Около 14.00 Панову удалось вывести из казарм три роты лейб-гвардии Гренадерского полка. Путь их на Сенатскую площадь был весьма любопытен и заслуживает особого упоминания. Складывается впечатление, что когда Оболенский принял руководство восстанием на себя, то на захват Зимнего дворца вместо Морского экипажа он отрядил именно лейб-гренадер. Им удалось прорваться во двор Зимнего, и судьба восстания могла измениться в последний раз, ведь под угрозой оказалась царская семья. С такими заложниками можно было вести переговоры с Николаем I. Однако Панову не удалось захватить дворец, этому помешали гвардейцы-саперы, шефом которых был сам новый император. Он специально не взял их с собой на Сенатскую площадь, поручив тысяче саперов защищать Зимний дворец.

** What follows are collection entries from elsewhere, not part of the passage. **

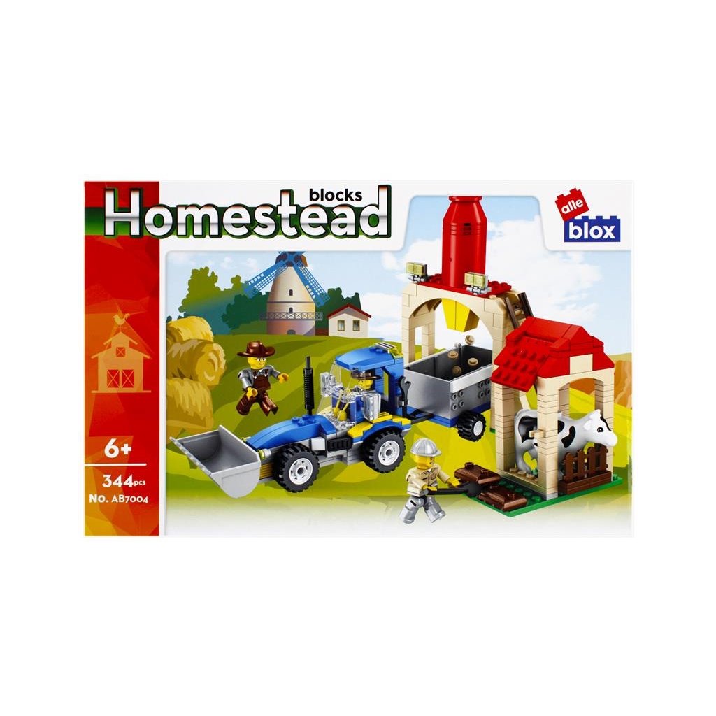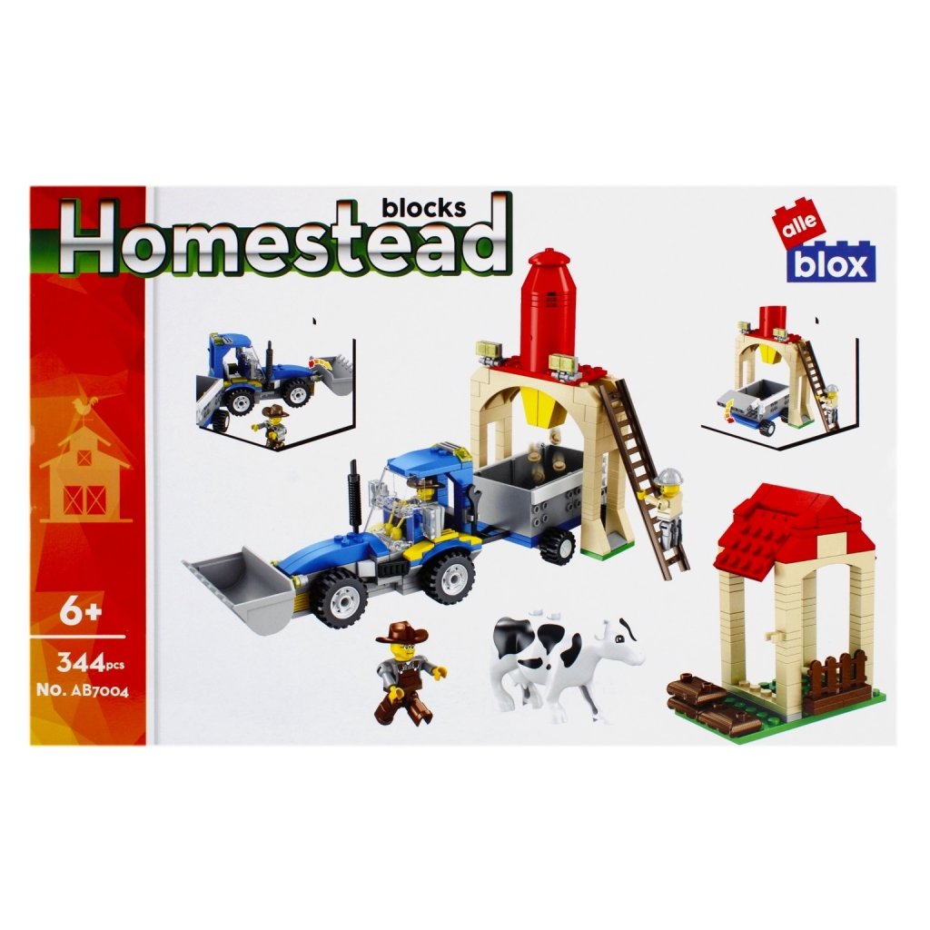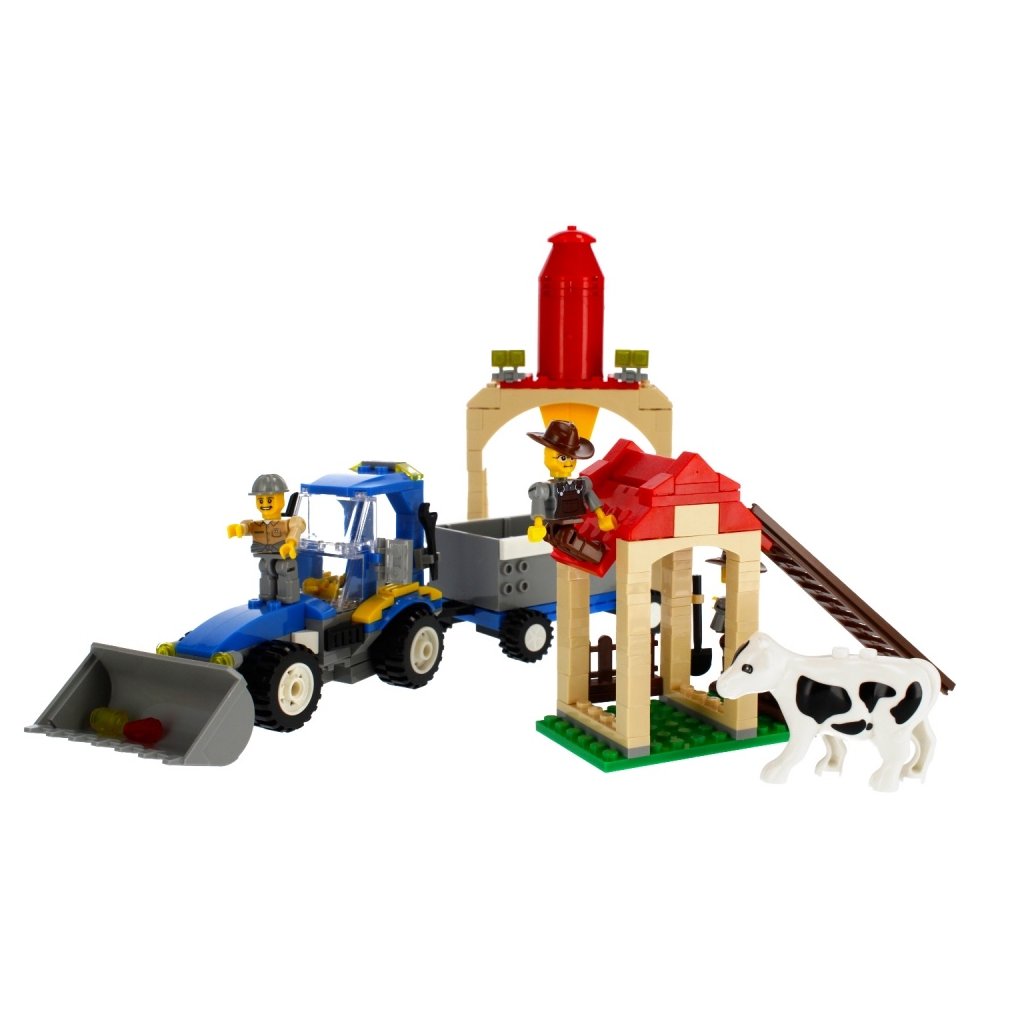 Farma s kravičkou a príslušenstvom, má rozmery tsilo-11x18x3cm, domček-13x10x5cm, ťahač s prívesom-28x9x7cm. Cena je za balenie, ktorý obsahuje 344 tehlových prvkov na zostavenie a montážny návod. Vhodné pre deti 6+. Rozmer (cm)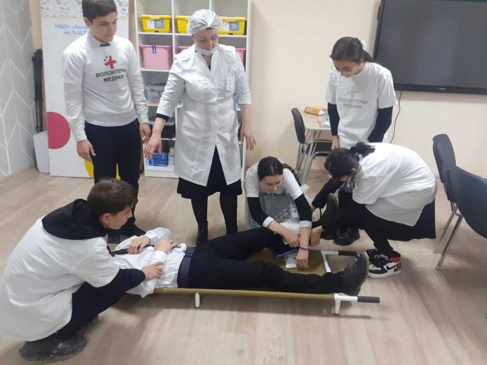 Педагог-организатор ОБЖ МБОУ "Костекская СОШ им. Б.Ш. Бакиева" Марданова Саида совместно со школьной медсестрой Абакаровой Тахминой на базе центра «Точка Роста» в рамках реализации программы месячника оборонно-массовой работы и военно-патриотического воспитания, посвящённого Дню защитника Отечества и комплексной безопасности провела занятие «Оказание первой медицинской помощи при различных видах повреждений» для учащихся 8-11- х классов. Цель мероприятия — повышение медицинской грамотности учащихся средних и старших классов общеобразовательных организаций в вопросах оказания первой помощи, а также создание условий для формирования ответственного отношения к вопросам здоровья. В ходе занятий состоялось обобщение теоретических знаний по оказанию первой медицинской помощи, а также применение их в практической деятельности (умение накладывать повязки, жгут). Также мероприятие способствовало воспитанию у школьников чувства товарищества, формированию потребности бережного отношения к своему здоровью и здоровью окружающих.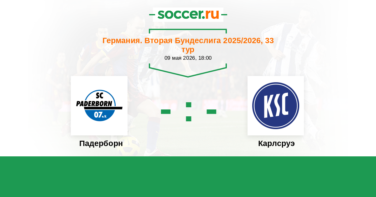 Германия. Бундеслига 2 18.05.2025 Карлсруэ Логотип футбольный клуб Карлсруэ 3:0 Логотип футбольный клуб Падерборн Падерборн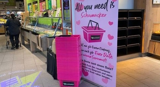 Almanya’nın Karlsruhe şehrindeki bir Edeka şubesinde başlayan uygulamada, yeni flört arayan kişiler pembe renkli alışveriş sepeti kullanarak bekar olduklarını ve yeni tanışmalara açık olduklarını gösteriyor.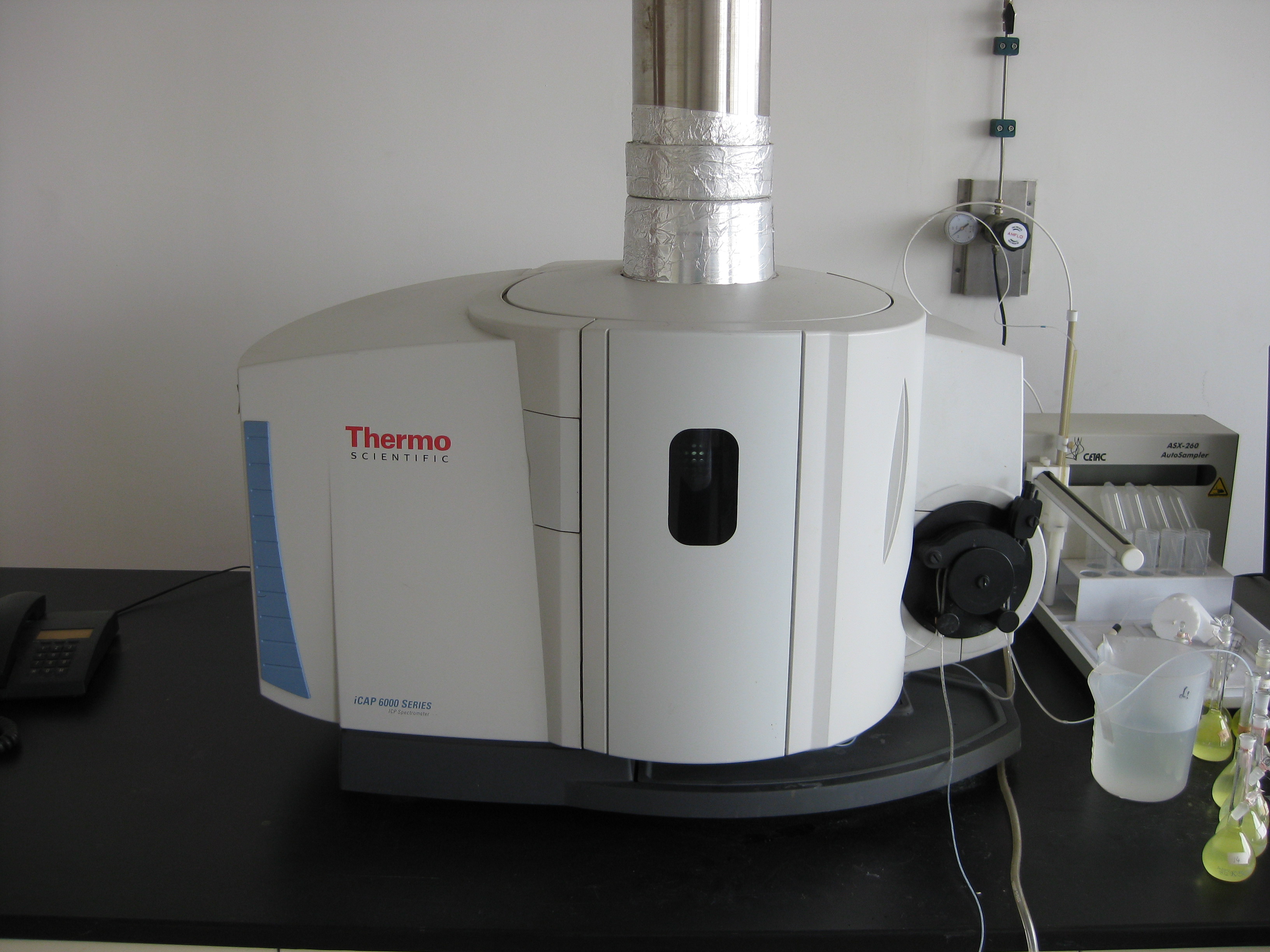 iCAP6300等离子发射光谱仪 首页化学分析iCAP6300等离子发射光谱仪 设备资源 iCAP6300等离子发射光谱仪 参数: 技术指标 元素检出限3σ≤0.005mg/l; 谱线分辨率0.007nm(200nm波长)、0.014nm(300nm波长); 波长示值误差≤±0.05nm; 波长重复性≤±0.01nm。 应用范围 主要进行金属的定性和定量分析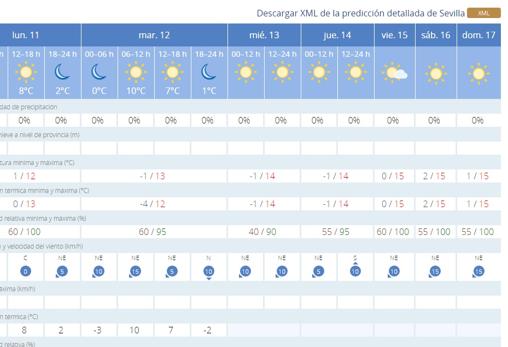 Esta bajada de las temperaturas traerá consigo una posibilidad de que se produzcan heladas, aunque la posibilidad de lluvia y nieves seguirá siendo nula, por lo que Sevilla seguirá esperando para volver a ver la ciudad cubierta de nieve como ocurriera en 1954.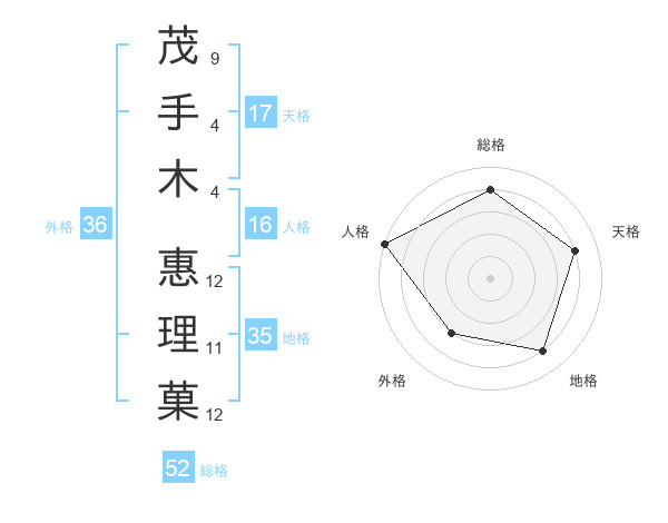 茂手木 惠理菓さんの天格は17画の4点!

Лейб-гренадеры, подойдя от Зимнего дворца к Сенатской площади, с примкнутыми штыками пробились через оцепление кавалергардов, не слишком-то сопротивлявшееся этому, и присоединились к восставшим. Была уже половина третьего дня, каре стояло около 4 часов при температуре воздуха –8 градусов. Оно разрослось до 3000 человек, но держать строй становилось все труднее, солдаты, одетые лишь в мундиры, замерзли. Полковник Стюрлер попытался уговорить своих гренадер вернуться в казармы, но был ранен сначала легко Оболенским, а затем, смертельно, Каховским.
Весы еще качались. Николай по-прежнему не решался подавить восстание силой: и позиция была невыгодной для кавалерийской атаки, и уверенности в поддержке столь решительных действий гвардией не было никакой. В шахматах такое положение на доске называется цугцванг – любой ход ведет к ухудшению позиции той стороны, которая проявила активность. К восставшим по очереди выезжали петербургский митрополит Серафим и его киевский коллега Евгений, великий князь Михаил Павлович (в него стрелял В.К. Кюхельбекер, но пистолет дал осечку), генерал Левашов, командующий Гвардейским корпусом генерал Воинов. Переговоры каждый раз заходили в тупик. Четыре часа одни полки стояли против других. Правда, генерал Сухозанет привел Николаю артиллерию, но император не решался пустить ее в дело.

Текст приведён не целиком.